_What you will do_
In the entries that follow, find the line containing "A man jumps" and the line containing "Stylish red V-neck", then copy exactly everything from the first through the second except the pictures.

_Supplied material_
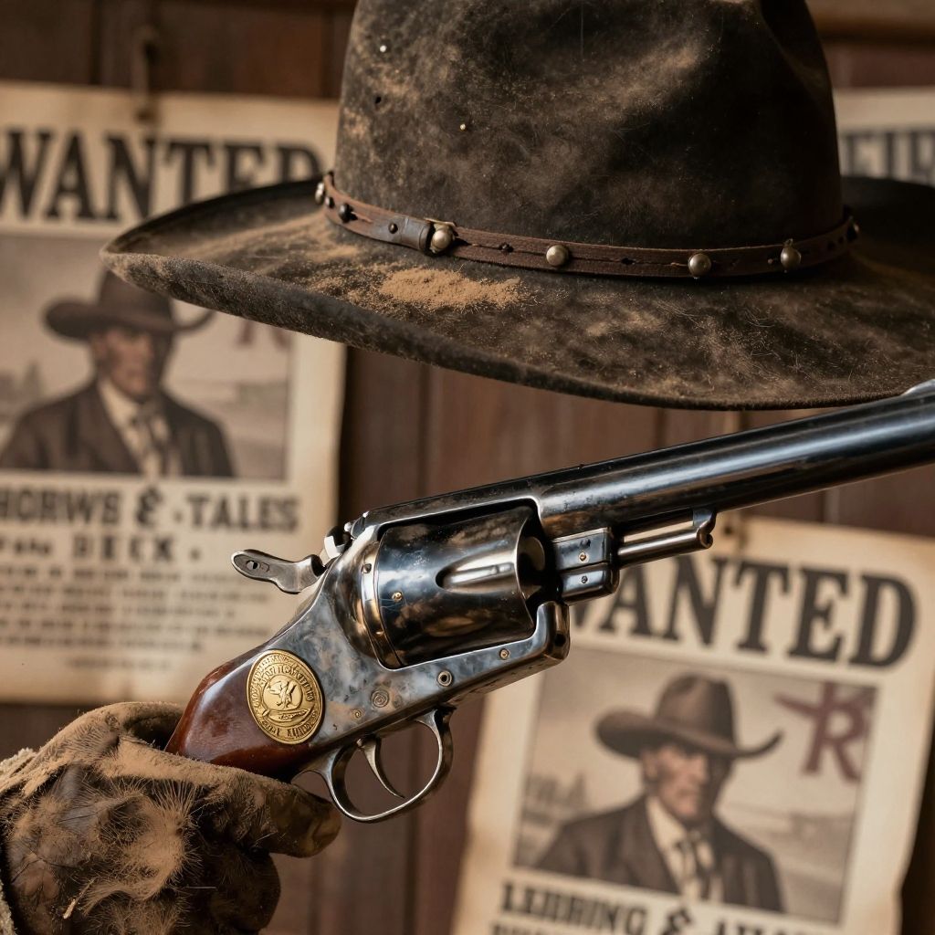 Close-up photo of a Historical Wild West GunslingerStetson hat, revolver holstered, dusty saloon, frontier town, dueling pistols, Old West showdown, wanted poster, rugged outlaw, lawman's badge, dusty trails, six-shooter showdown, frontier justice, quickdraw expertise, Wild West legend, gunfight at high noon, cowboy code.cinematic, sharp focus, intricate, cinematic, dramatic light
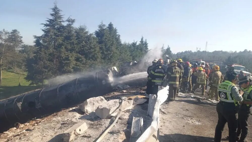 Fuerzas de tarea de Guardia Nacional, PC Estatal y municipal, SSP, Bomberos de Xalapa, ENR y COPEXA continúan con las labores de enfriamiento tras el incendio de un tractocamión tipo pipa ocurrido en la autopista Perote – Xalapa.
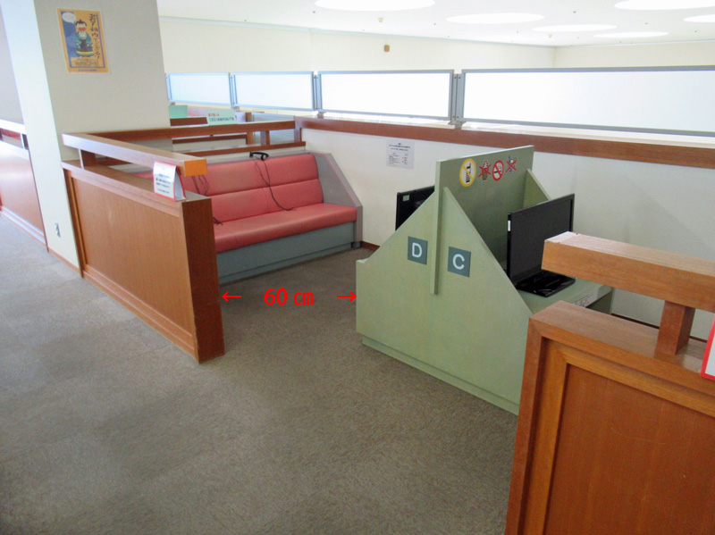 館内フラットです。ところどころ通りにくく感じるところもありますが、車いすが通れる幅が確保されています。(通路幅:平均130㎝ぐらいです。)
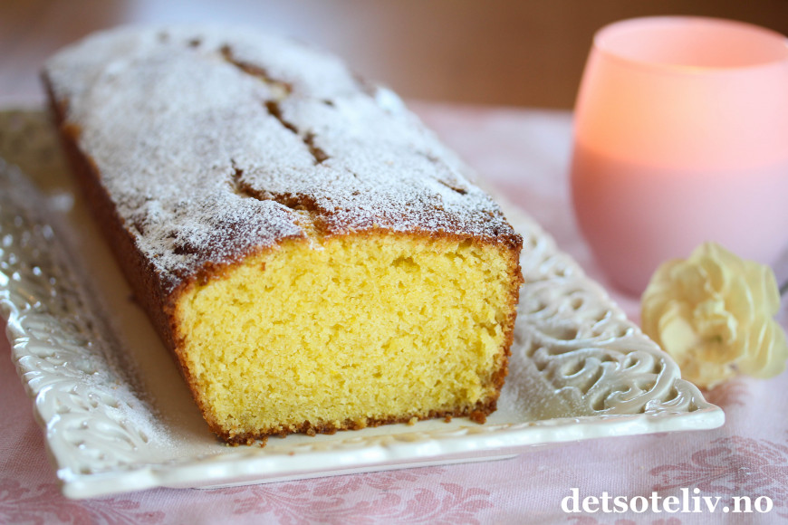 Ha deigen i en smurt brødform som rommer 2 liter (ha gjerne et stykke bakepapir i bunnen av formen, slik at kaken er lett å få ut). Stek kaken på rist nederst i ovnen ved 175°C i 40-45 min. Avkjøl kaken i formen. Løsne den så fra formen med en tynn, skarp kniv og hvelv den ut av formen. Sett kaken på et passende fat.
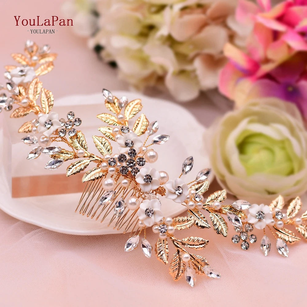 YouLaPan Gold Floral Wedding Hair Comb Bridal Crystal Pearls Headpiece Hair Accessories Bride Jewelry Women Hair Clips HP368
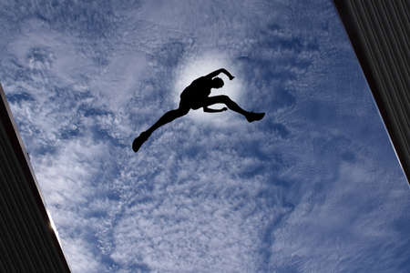 A man jumps over a pit, bottom view. Overcoming difficulties on the way concept
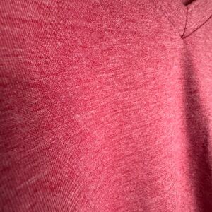 Stylish red V-neck top with a ruffle hem. Perfect for casual wear.
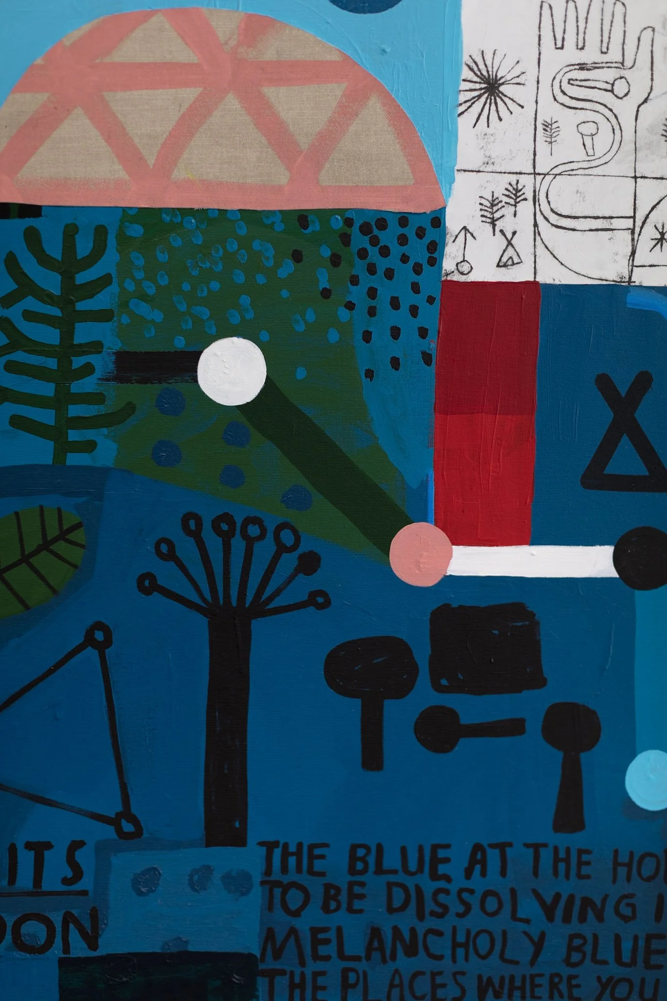 The exhibition transforms the gallery space into a curious and playful environment — echoes of snakes and ladders and ancient hieroglyphics, layered compositions become spaces to get lost in rather than windows to look through. Here, Shillinglaw builds up and breaks down borders and boundaries in a visual dance between destruction and construction, offering playful and poetic alternatives to the structures we have set in stone.
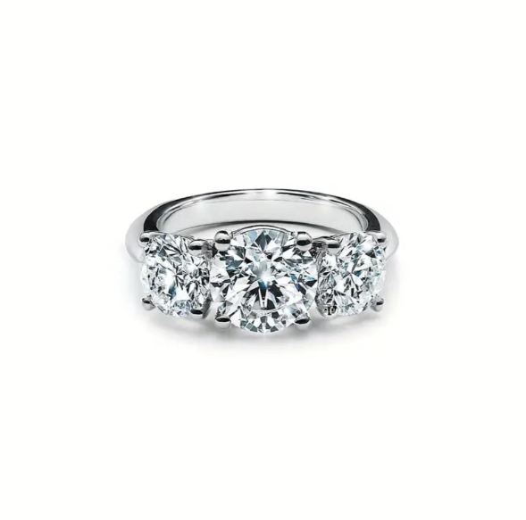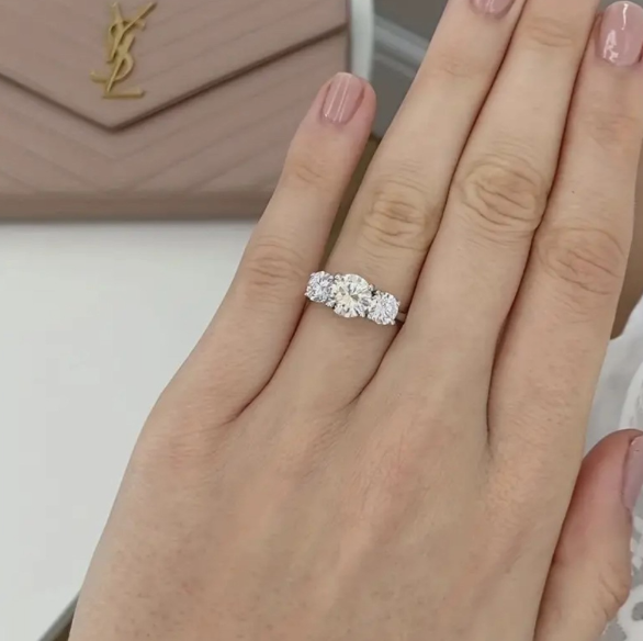This captivating Moissanite ring has three times the beauty and grace. Anastasia is a sensational ring showcasing a trio of glittering round cut stones, all prong set atop a brightly polished 18-karat white gold band. 1ct center stone complemented by two 0.5ct side stones, this ring boasts a 2-carat total weight diamond equivalent. ✨✨✨
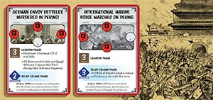 Keep Up The Fire! The Boxer Rebellion Keep Up The Fire! is a solitaire game set in 1900 Peking, China. You are in command of the Foreign Legations (Ambassadors, their families, staff and small security forces) in the areas assigned to imperial powers and a relief column coming to their rescue. An anti-imperialist revolution is sweeping China and your presence has become the focal point of the Chinese Boxers (Society of the Harmonious Fists) and Imperial Manchu forces of the Qing Army who are angry and determined to expel all foreigners from China. Outnumbered, outgunned, and besieged within a small compound in the heart of Peking, you must hold on and hope the relief column can get to you in time. At the Legation Compound siege, you must coordinate the various foreign detachments that have joined to defend their position until an eight-nation relief column arrives. You also command the eight-nation relief column, battling their way from the port of Taku, inland through hostile territory, trying to break the siege at Peking. The game is a race against time as the Chinese forces besieging the Legation Compound are attacking relentlessly while the relief column battles its way to the rescue. With limited time and relentless attacks on the Compound, will you manage to Keep Up The Fire? Note that this game can also be enjoyed in teams working together (just as the Eight Nations had to), deciding how best to defend the Legation Compound and get the relief force to Peking in time! Components: Rule book Large hard mounted tactical game board of the Legation Smaller hard mounted strategic map for relief column Deck of Action/Event cards Counter sheet Battle Archive 1 die Tray for components Sleeve for box with alternate cover

_Answer space_
 A man jumps over a pit, bottom view. Overcoming difficulties on the way concept
 Stylish red V-neck top with a ruffle hem. Perfect for casual wear.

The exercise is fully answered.